SeanZh30 · 2024-05-05T06:09:39Z

Description

The main purpose of this PR is to provide the code related to nanoGPT.

1. Motivation and Context

Under the benchmark folder, a benchmark/models/nanoGPT was created. This PR mainly provides the relevant code for nanoGPT retrain based on the shakespare_char dataset. For specific running method, please read benchmark/models/nanoGPT/readme.md. In addition, nanoGPT originally trained on dataset sampling.
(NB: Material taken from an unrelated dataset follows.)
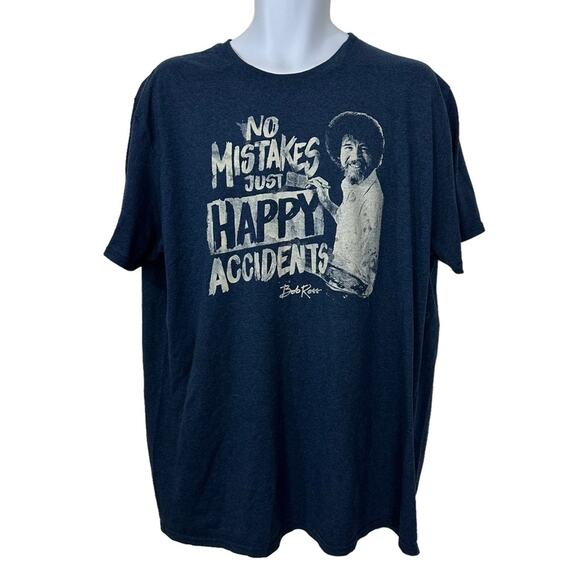 Bob Ross Graphic Tee T Shirt No Mistakes Just Happy Accidents Blue Sz 2XL XXL

This PR tried to modify the original code, especially some functions in train.py (such as get_batch), and tried to modify it to train on all data. , which may be good to the implementation of data attribution function.

2. Summary of the change

Add nanoGPT model-related code in dattri/benchmark/models/nanogpt/*
Add retrain function based on shakespeare_char dataset in dattri/benchmark/shakespare.py

3. What tests have been added/updated for the change?

N/A: No test will be added.

TheaperDeng · 2024-05-05T19:38:17Z

I will take a look first

jiaqima · 2024-05-06T15:41:41Z

@SeanZh30 probably better removing unnecessary files? e.g., the assets folder and the .ipynb files.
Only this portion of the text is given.